Juba, get down on your knees and put your hands to your head, the man with the puffy pink face said.

I . . . Am . . . Not . . . Juba! I screamed it as loudly as I could. You can check my ID. My name is not Juba.

I became aware of each and every one of my movements, each individual heartbeat and blink. I slowly moved my arms to reach for my pocket where my IDs were, but that seemed to make them more agitated. They screamed at me, and I could barely understand them. I looked over at the man who had started all this confusion. They didn't seem to be troubling him. It dawned on me that he was with them, perhaps an undercover or a neighborhood snitch.

I fell to my knees as they asked. The officer with the brown mustache shoved me face down so that my cheek pressed flat against the sidewalk. One of them wrenched my arms together behind my back and pinched cuffs tightly around my wrists.

For some reason, even with all my attention on my movements—both involuntary and otherwise—I didn't realize that I had been yelling, screaming all along:
I am not Juba!
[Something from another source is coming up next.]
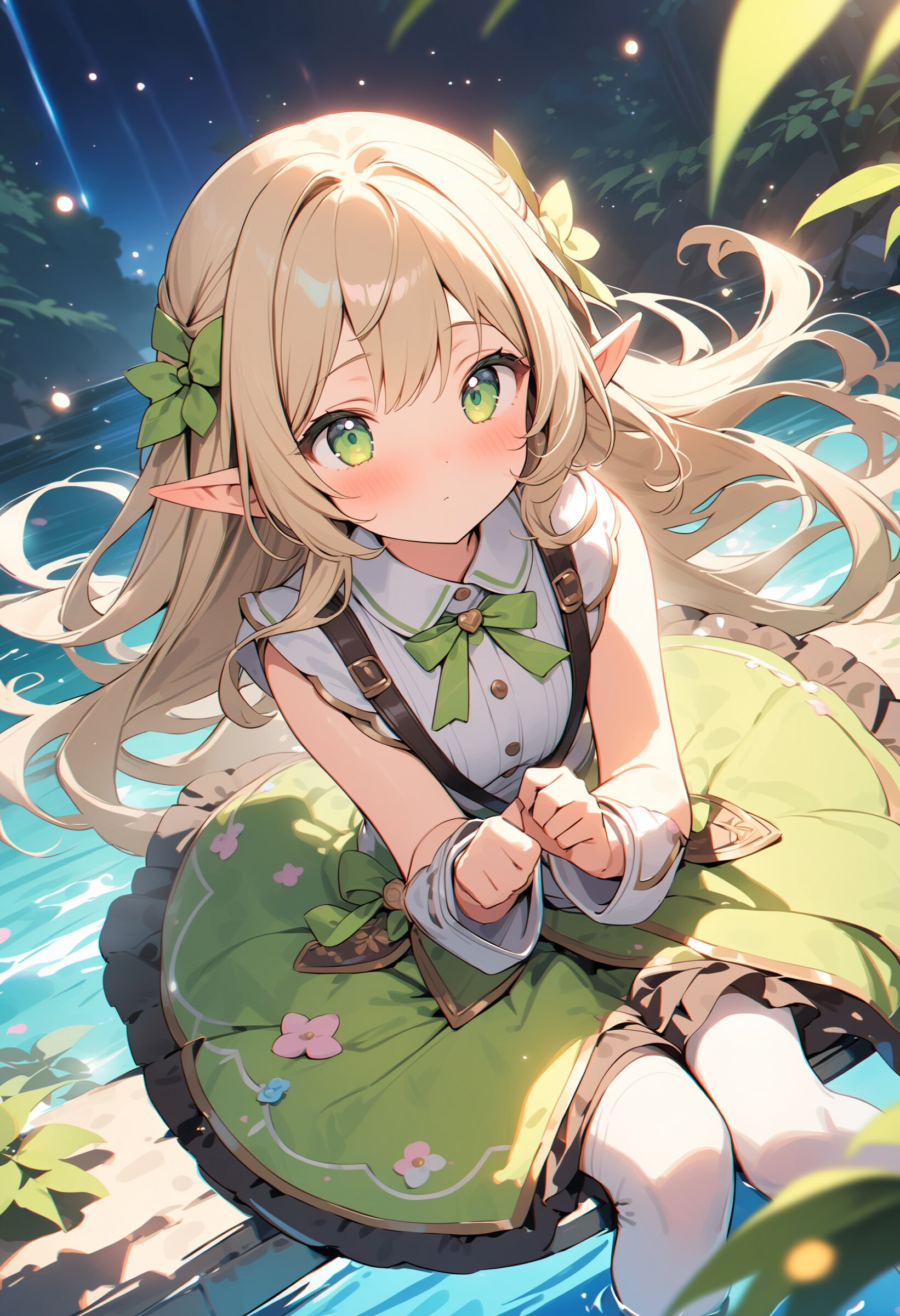 ((masterpiece)), ((best quality)), ((kawaii)), cute, (lovely), ((extremely detailed)), (beautiful), dynamic angle, a cute girl, 1girl, solo, ((elf )),beautiful blond hair, beautiful green eyes, ((beautiful eyes)), long hair, fantasy clothes,

I am not Juba! I am not Juba!
They had been telling me to shut up, but I kept screaming,
I am not Juba!
as I lay there on the ground. I suppose I had said it so much that it lost all meaning. It was the truth, though. I am not Juba.

They didn't release me from the police station until after midnight. All I got was a halfhearted apology from some detective who remained unconvinced that I wasn't Juba. They showed me photographs of myself leaving my condo, driving, going to catch the bus, and meeting with family members on the Southside. One officer slid me a cup of coffee after it was established that I wasn't Juba. He told me to watch my back because Juba is still out there. I had only a vague sense of what he meant. But they had to let me go, as there was no evidence that I was Juba.

Still, no one told me who Juba was or what Juba was supposed to have done. For all I knew, I was uncomfortably close to lying strapped to a gurney with chemicals streaming into my veins.

I called the accounting firm in the morning to explain my absence.
The office manager told me she was sorry, but they filled the position when I didn't show. She asked why I didn't call, and I couldn't make up something fast enough. I turned off the telephone and threw it across the living room of my condo. It slapped against the wall and nicked it.

I thought about suing. I invited my cousin over for a drink that night. He was a few years older than me and ran a private law firm downtown. I would have offered to go to dinner, or at the very least a happy hour or something, but thanks to the CRPD I was still unemployed.

My cousin always made an impression. He stood tall as a professional basketball player and had the sturdy build of one. Women seemed to like him. Guys wanted to hang around him. I wanted to hang around him, but I was always too broke to keep up. When he came to my door, he wore a sports jacket over a white shirt with thin brown vertical lines and a stiff, stiff collar.

He slapped my hand and held it firmly, pulling me into him and embracing me tightly. My cousin often went overboard with his handshakes and hugs. It was like something out of the seventies.